А произошло вот что: Лиза, его бывшая жена, ушедшая от него в тысяча девятьсот тридцать восьмом году к нацисту, приехала в Америку. Она привезла с собой их дочку Митци, семнадцатилетнюю девушку. Нацист погиб на русском фронте в бою под Белгородом в августе сорок третьего года. Доктор Марголин помог Лизе и Митци приехать сюда. Ему пришлось пережить тяжелый внутренний конфликт. Он не спал ночами. В те недели, когда доктор Марголин боролся с собой, решая, посылать им вызов в Америку или нет, он даже употреблял опиум. Однако в итоге сделал то, чего сам от себя не ожидал. Он сам бы не поверил, что способен на такое. Если бы ему рассказали, что нечто подобное сделал какой-то другой человек, он решил бы, что тот мерзавец, нелюдь, гнусный тип. Доктор Марголин тосковал по Митци, которая была его плотью и кровью. Лизу он тоже не мог забыть. Она писала ему письма, полные мольбы, любви, тоски. Судя по этим письмам, к этому шагу ее подталкивали родители, которые были тогда еще живы. Сам Ганс (тот нацист) якобы угрожал Лизе, что если она откажется с ним жить, то доктора Марголина отправят в Дахау. Лиза клялась в своих письмах, что никогда не любила этого Ганса, что он был ей противен. За неполный год, который она жила с ним, пока его не отправили на фронт, у нее не было ни одного счастливого дня. Их дочь Митци, которая была тогда еще ребенком, ненавидела его, она никогда не переставала говорить о своем папе. В школе, куда отправили девочку, узнали, что ее отец — еврей, поэтому Лизе пришлось поклясться, что настоящим отцом девочки был ариец, Ганс. «Какая страшная, какая ужасная ложь!» — писала по этому поводу Лиза.

Не только Лиза писала доктору Марголину длинные письма, но и Митци буквально засыпала отца письмами. В качестве подтверждения того, что она не забывала его в течение всех прошедших лет, Митци переслала отцу по почте те открытки, которые он когда-то посылал ей, когда она была на летней даче, рисунки, которые он для нее рисовал, фотографии, на которых он стоял рядом с ней. Все это должно было послужить свидетельством того, что она, его дочь, никогда не забывала своего отца и сохранила все эти вещи, которые напоминали о нем. Так адвокат готовится к защите, используя каждое обстоятельство, способное смягчить наказание или опровергнуть выдвинутые обвинения. Таким образом, Лиза и Митци постоянно поставляли Соломону Марголину материалы и документы, которые должны были доказать их привязанность к нему. Однако доктор Марголин знал то, что он знал, и помнил то, что он помнил.
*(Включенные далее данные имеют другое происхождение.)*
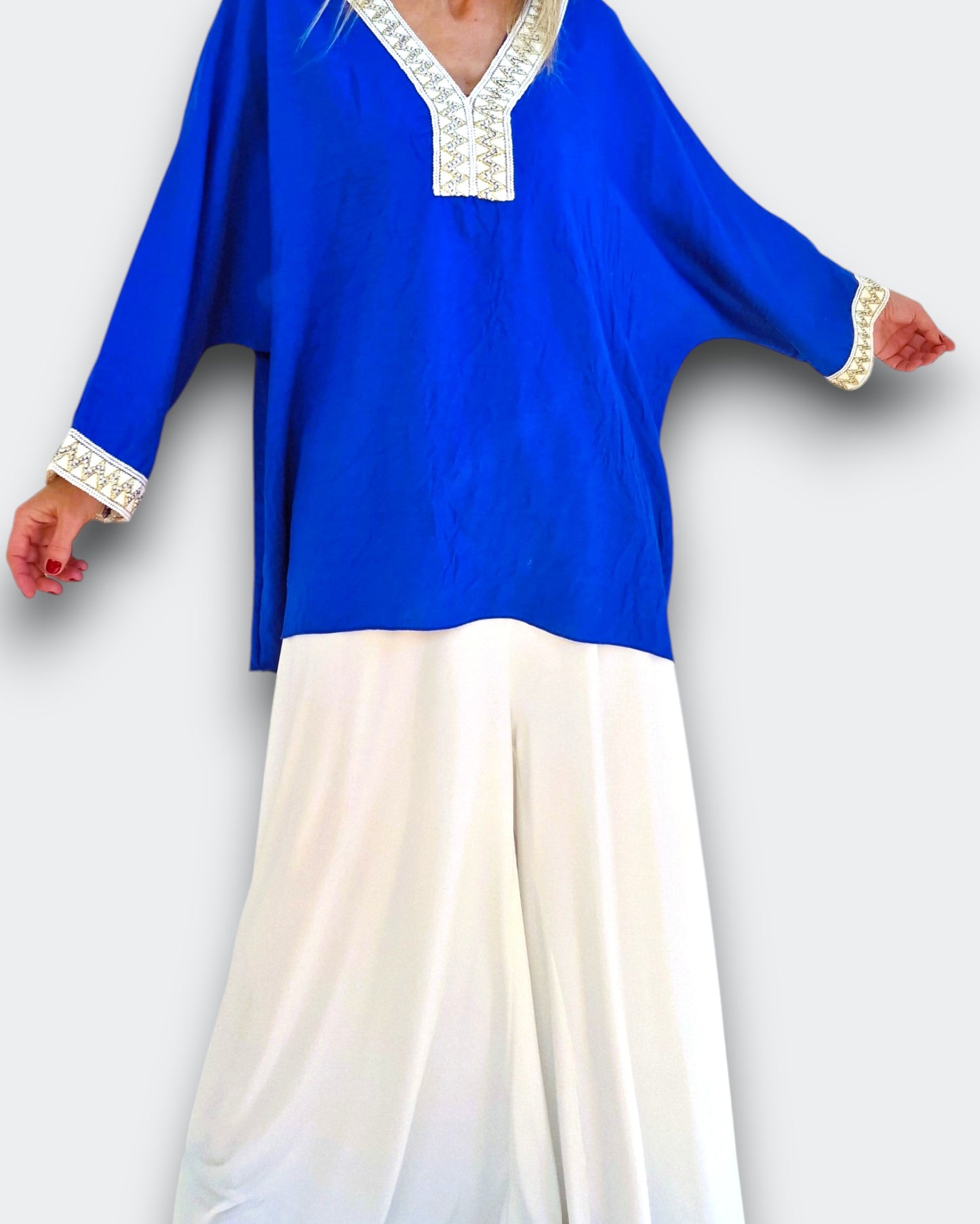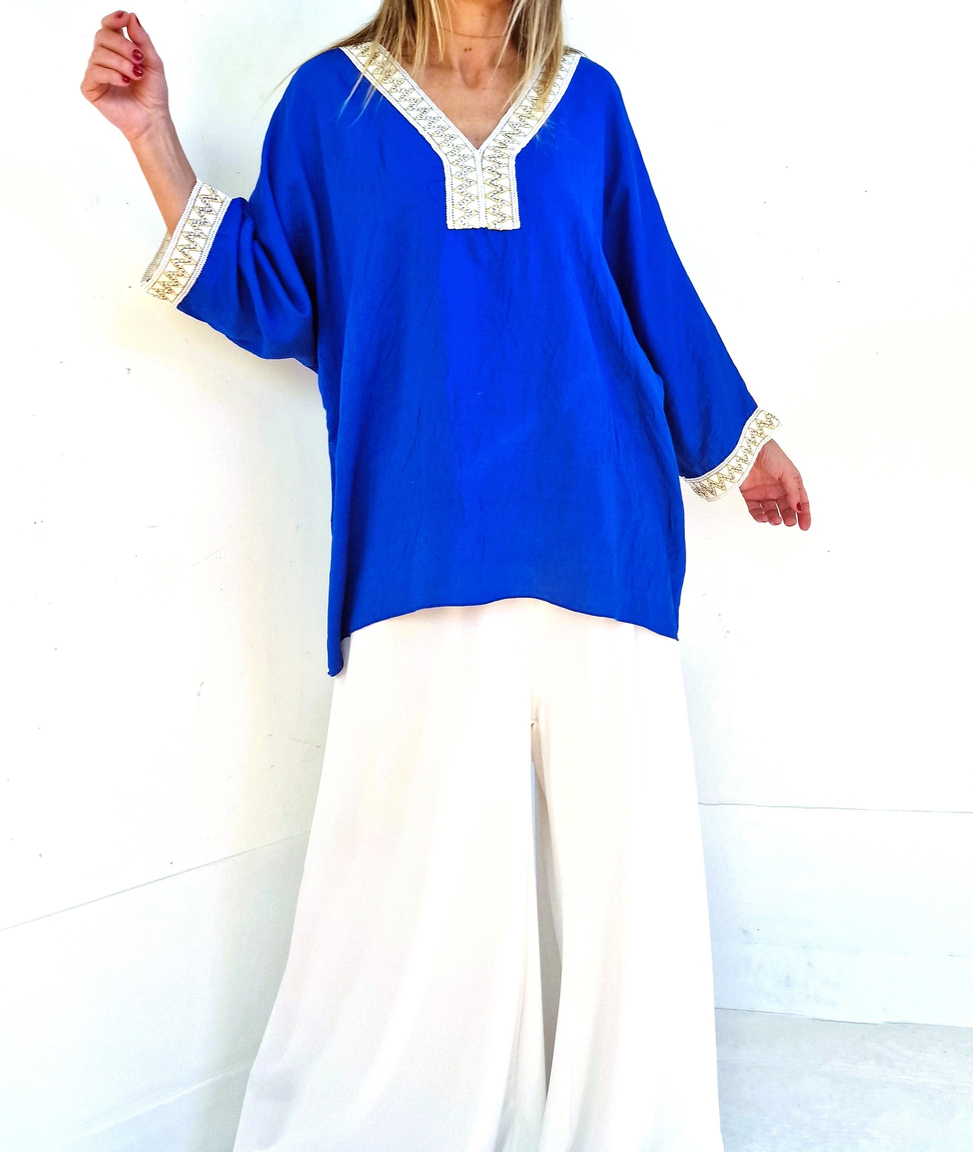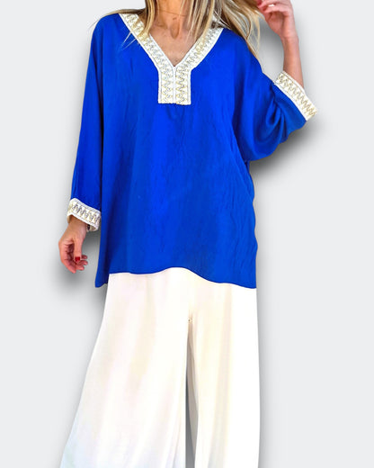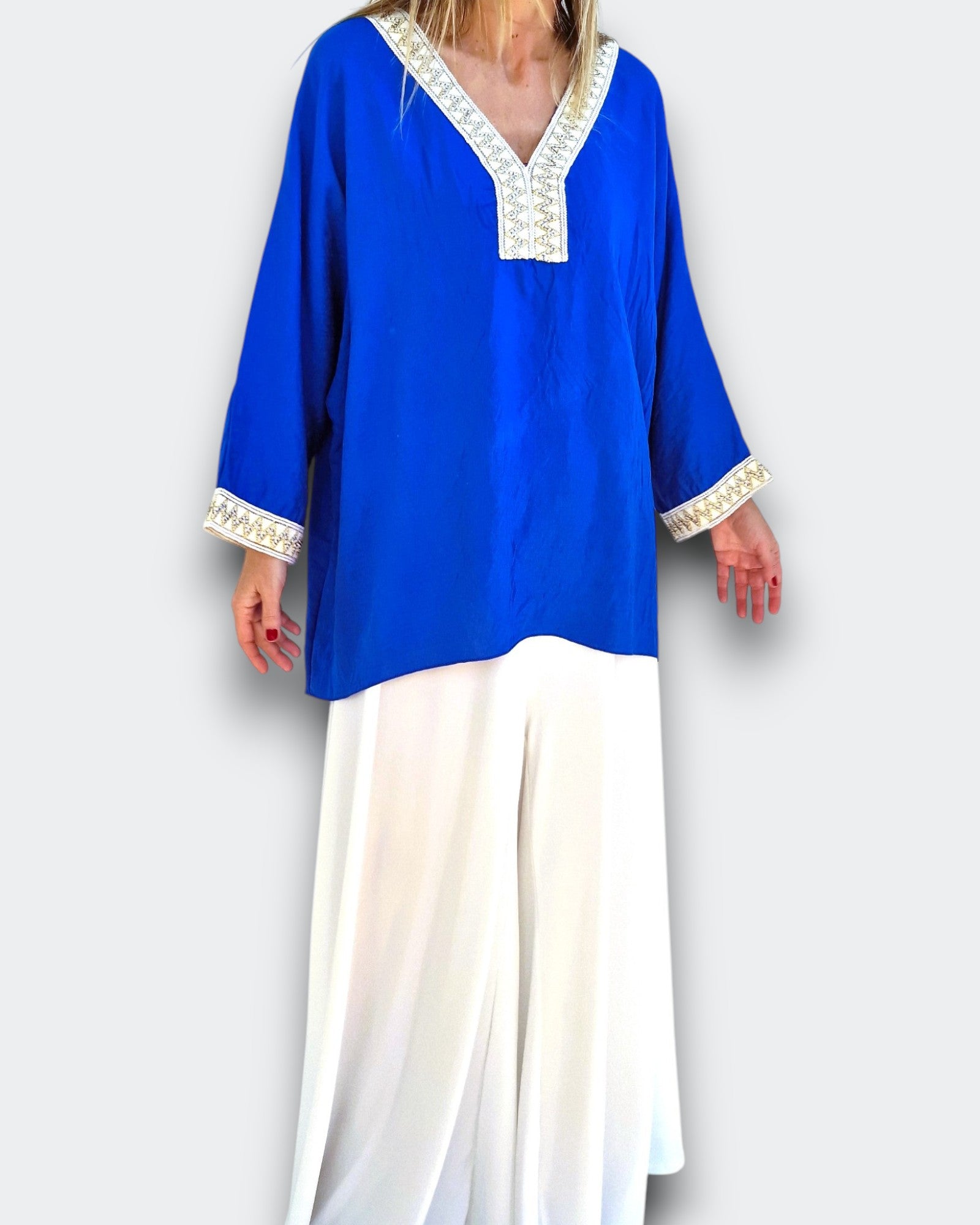 Scopri la Maxi Maglia Taglie Forti Iaia in viscosa tinta unita con applicazione di passamaneria sul collo e sulle maniche . Collo a v con manica 3/4 , Ottima vestibilità ,Questo Maglia offre un ottima vestibilità e stile e le applicazioni donano un tocco esotico al tuo look quotidiano .

А бесстрастные, сухие факты состояли в том, что Лиза ушла от него, чтобы жить с гитлеровцем, а Митци посещала школу, в которой ее учили, что евреи — хуже клопов и клещей, и распевали «Хорста Весселя». [321] Если бы тот нацист Ганс не погиб на Восточном фронте и если бы Гитлер был жив и здоров, то он, Соломон Марголин, никогда бы не получил никаких весточек ни от Лизы, ни от Митци. И еще кое-что: он сам был близок к тому, чтобы застрять в Европе и быть сожженным или задушенным газами где-нибудь в Майданеке или в Треблинке. В течение какого-то время Лиза и Митци даже не знали, что он жив…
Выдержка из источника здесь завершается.